Without including any pictures, please copy every entry below exactly.

__DATA SUPPLIED__:

****************************************

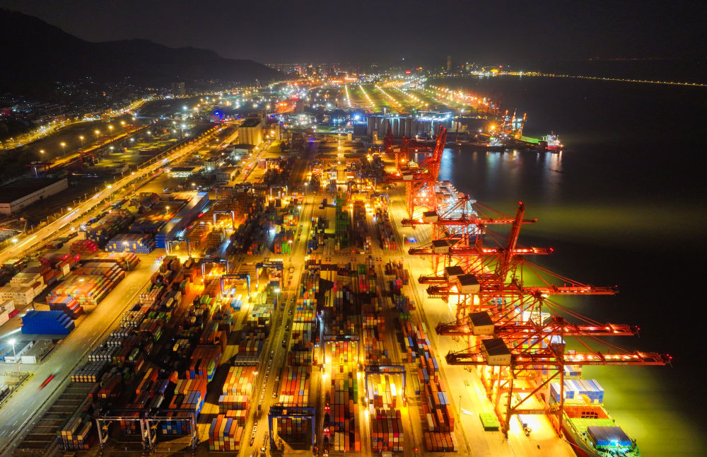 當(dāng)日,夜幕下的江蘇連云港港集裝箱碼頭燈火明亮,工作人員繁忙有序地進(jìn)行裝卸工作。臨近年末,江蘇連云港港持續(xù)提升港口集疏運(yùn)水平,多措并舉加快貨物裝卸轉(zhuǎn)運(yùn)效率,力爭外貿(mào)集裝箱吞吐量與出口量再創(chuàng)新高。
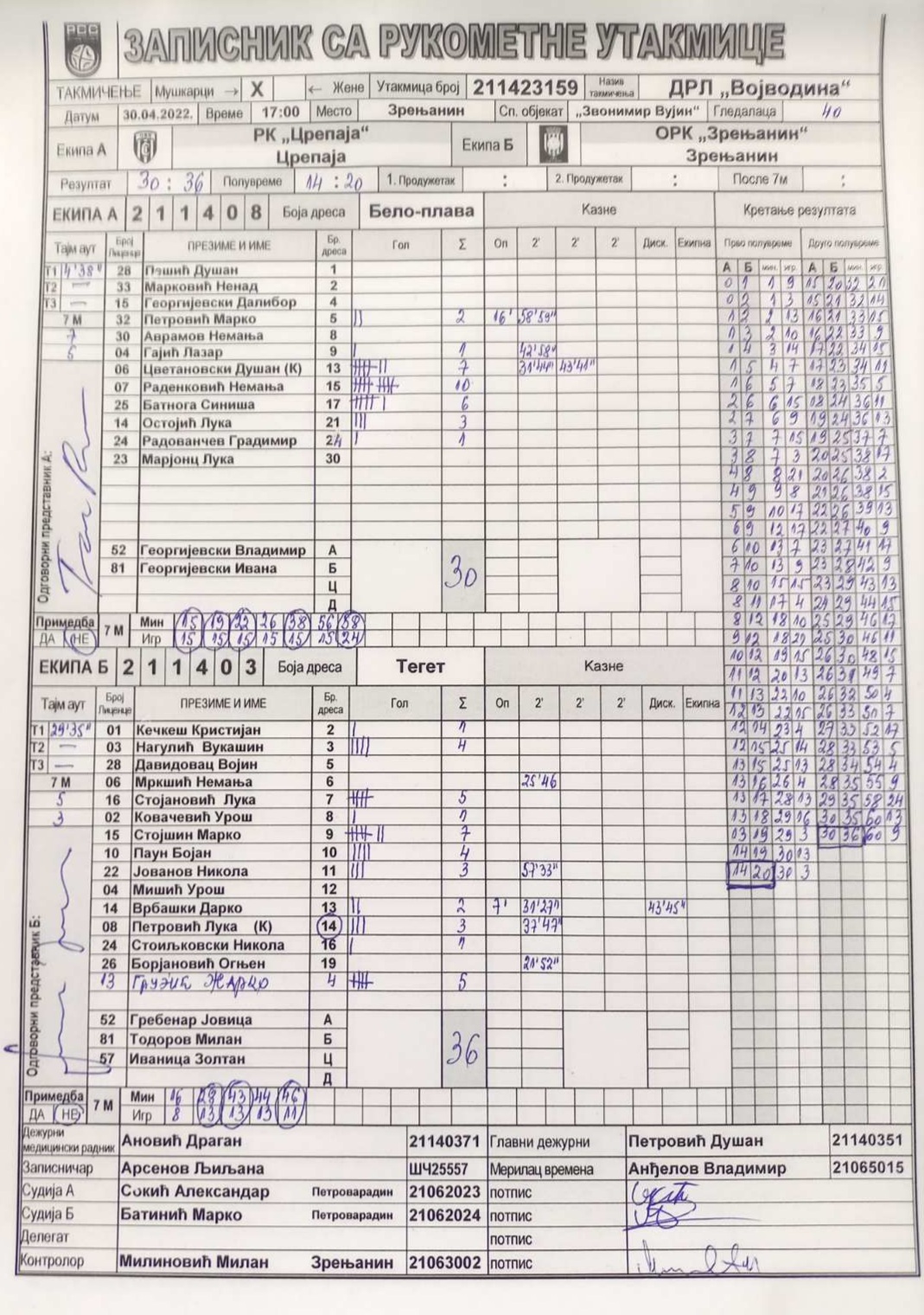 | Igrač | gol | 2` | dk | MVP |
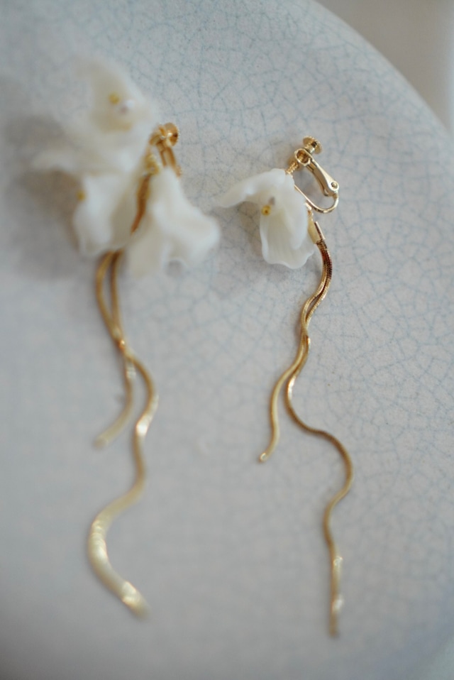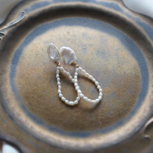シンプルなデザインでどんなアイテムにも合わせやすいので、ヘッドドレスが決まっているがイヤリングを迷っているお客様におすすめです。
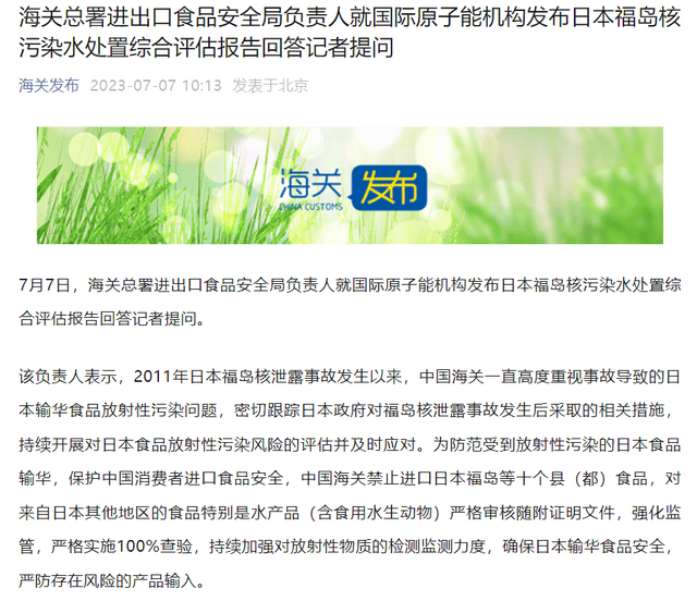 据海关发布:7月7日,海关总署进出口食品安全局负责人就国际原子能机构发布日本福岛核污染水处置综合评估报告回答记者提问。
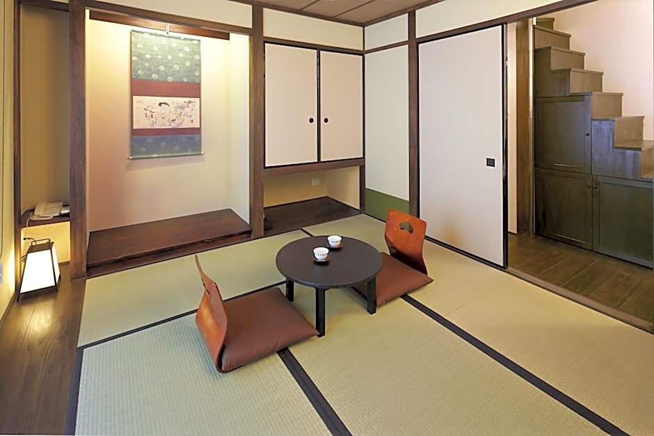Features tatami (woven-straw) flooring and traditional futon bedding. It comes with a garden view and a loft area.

****************************************

__SOLUTION TO THE PROBLEM__:
 當(dāng)日,夜幕下的江蘇連云港港集裝箱碼頭燈火明亮,工作人員繁忙有序地進(jìn)行裝卸工作。臨近年末,江蘇連云港港持續(xù)提升港口集疏運(yùn)水平,多措并舉加快貨物裝卸轉(zhuǎn)運(yùn)效率,力爭外貿(mào)集裝箱吞吐量與出口量再創(chuàng)新高。
 | Igrač | gol | 2` | dk | MVP |
シンプルなデザインでどんなアイテムにも合わせやすいので、ヘッドドレスが決まっているがイヤリングを迷っているお客様におすすめです。
 据海关发布:7月7日,海关总署进出口食品安全局负责人就国际原子能机构发布日本福岛核污染水处置综合评估报告回答记者提问。
Features tatami (woven-straw) flooring and traditional futon bedding. It comes with a garden view and a loft area.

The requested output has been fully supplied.